RECORDED INFORMATION.
========

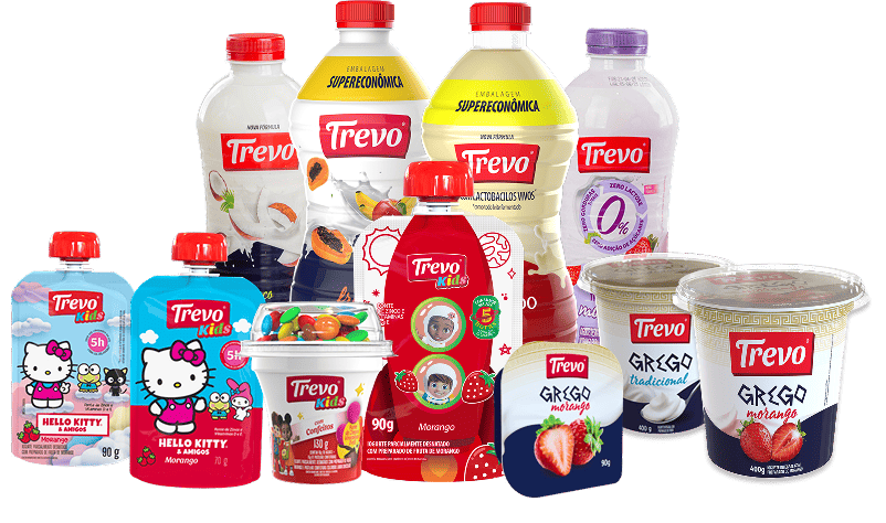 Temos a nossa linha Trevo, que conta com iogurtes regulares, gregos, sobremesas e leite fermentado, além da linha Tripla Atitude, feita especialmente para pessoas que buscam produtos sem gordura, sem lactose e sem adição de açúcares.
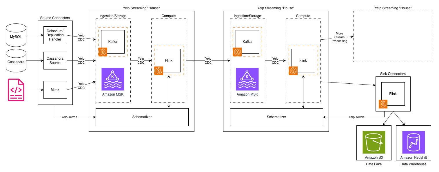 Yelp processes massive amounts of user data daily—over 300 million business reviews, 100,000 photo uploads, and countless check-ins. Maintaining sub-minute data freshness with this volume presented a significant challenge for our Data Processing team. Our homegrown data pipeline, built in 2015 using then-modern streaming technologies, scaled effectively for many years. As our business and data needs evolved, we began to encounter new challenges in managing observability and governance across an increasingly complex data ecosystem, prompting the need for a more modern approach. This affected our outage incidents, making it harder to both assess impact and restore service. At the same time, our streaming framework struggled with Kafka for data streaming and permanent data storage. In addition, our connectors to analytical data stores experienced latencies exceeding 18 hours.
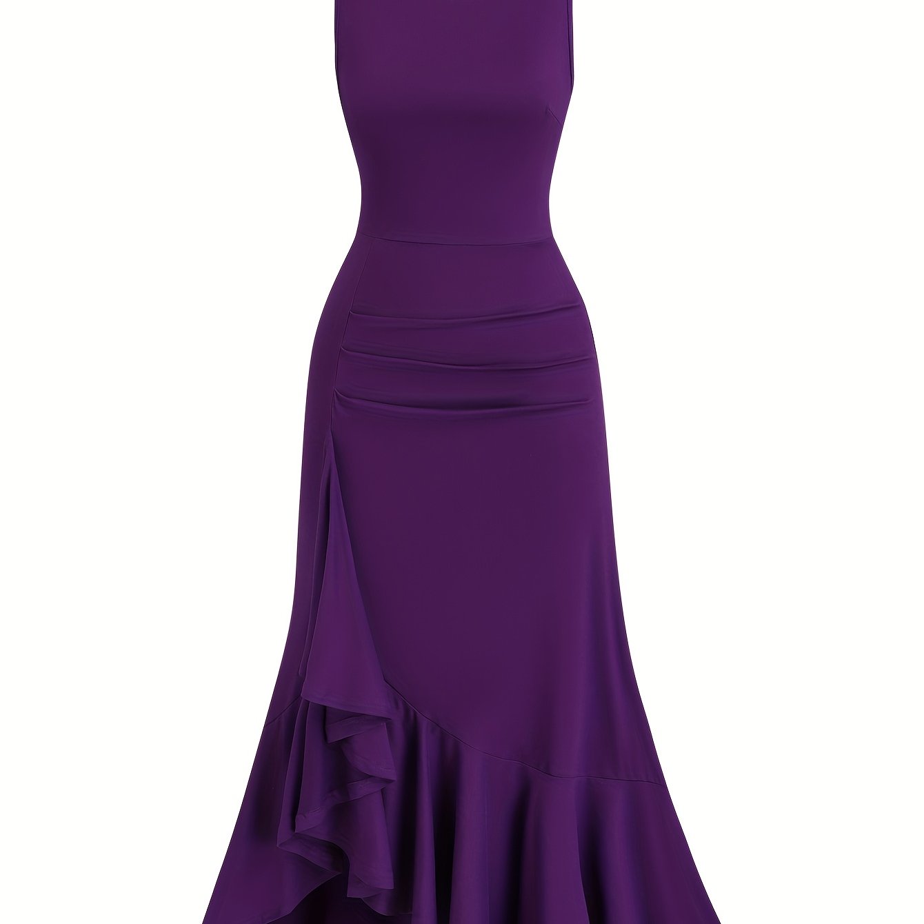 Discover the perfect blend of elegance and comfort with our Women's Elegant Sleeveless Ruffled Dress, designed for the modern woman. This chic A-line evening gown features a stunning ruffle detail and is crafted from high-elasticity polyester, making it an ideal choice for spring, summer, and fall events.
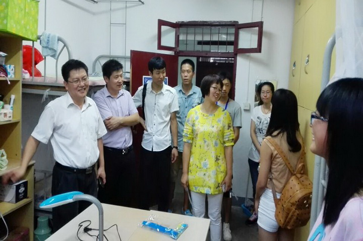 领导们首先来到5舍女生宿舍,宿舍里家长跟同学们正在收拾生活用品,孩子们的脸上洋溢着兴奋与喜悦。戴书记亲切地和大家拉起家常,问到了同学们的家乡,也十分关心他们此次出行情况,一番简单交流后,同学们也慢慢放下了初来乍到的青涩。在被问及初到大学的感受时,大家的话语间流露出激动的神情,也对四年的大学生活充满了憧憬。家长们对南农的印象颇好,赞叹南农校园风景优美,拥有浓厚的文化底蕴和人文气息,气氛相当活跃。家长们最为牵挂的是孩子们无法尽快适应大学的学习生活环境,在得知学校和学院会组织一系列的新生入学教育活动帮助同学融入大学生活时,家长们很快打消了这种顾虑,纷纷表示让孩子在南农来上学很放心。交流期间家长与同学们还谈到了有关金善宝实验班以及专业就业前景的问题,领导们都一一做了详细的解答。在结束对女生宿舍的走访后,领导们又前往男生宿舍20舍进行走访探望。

========

WORK TO BE COMPLETED.
Everything in the material goes into the copy exactly, except the images.

EXERCISE SOLUTION.
 Temos a nossa linha Trevo, que conta com iogurtes regulares, gregos, sobremesas e leite fermentado, além da linha Tripla Atitude, feita especialmente para pessoas que buscam produtos sem gordura, sem lactose e sem adição de açúcares.
 Yelp processes massive amounts of user data daily—over 300 million business reviews, 100,000 photo uploads, and countless check-ins. Maintaining sub-minute data freshness with this volume presented a significant challenge for our Data Processing team. Our homegrown data pipeline, built in 2015 using then-modern streaming technologies, scaled effectively for many years. As our business and data needs evolved, we began to encounter new challenges in managing observability and governance across an increasingly complex data ecosystem, prompting the need for a more modern approach. This affected our outage incidents, making it harder to both assess impact and restore service. At the same time, our streaming framework struggled with Kafka for data streaming and permanent data storage. In addition, our connectors to analytical data stores experienced latencies exceeding 18 hours.
 Discover the perfect blend of elegance and comfort with our Women's Elegant Sleeveless Ruffled Dress, designed for the modern woman. This chic A-line evening gown features a stunning ruffle detail and is crafted from high-elasticity polyester, making it an ideal choice for spring, summer, and fall events.
 领导们首先来到5舍女生宿舍,宿舍里家长跟同学们正在收拾生活用品,孩子们的脸上洋溢着兴奋与喜悦。戴书记亲切地和大家拉起家常,问到了同学们的家乡,也十分关心他们此次出行情况,一番简单交流后,同学们也慢慢放下了初来乍到的青涩。在被问及初到大学的感受时,大家的话语间流露出激动的神情,也对四年的大学生活充满了憧憬。家长们对南农的印象颇好,赞叹南农校园风景优美,拥有浓厚的文化底蕴和人文气息,气氛相当活跃。家长们最为牵挂的是孩子们无法尽快适应大学的学习生活环境,在得知学校和学院会组织一系列的新生入学教育活动帮助同学融入大学生活时,家长们很快打消了这种顾虑,纷纷表示让孩子在南农来上学很放心。交流期间家长与同学们还谈到了有关金善宝实验班以及专业就业前景的问题,领导们都一一做了详细的解答。在结束对女生宿舍的走访后,领导们又前往男生宿舍20舍进行走访探望。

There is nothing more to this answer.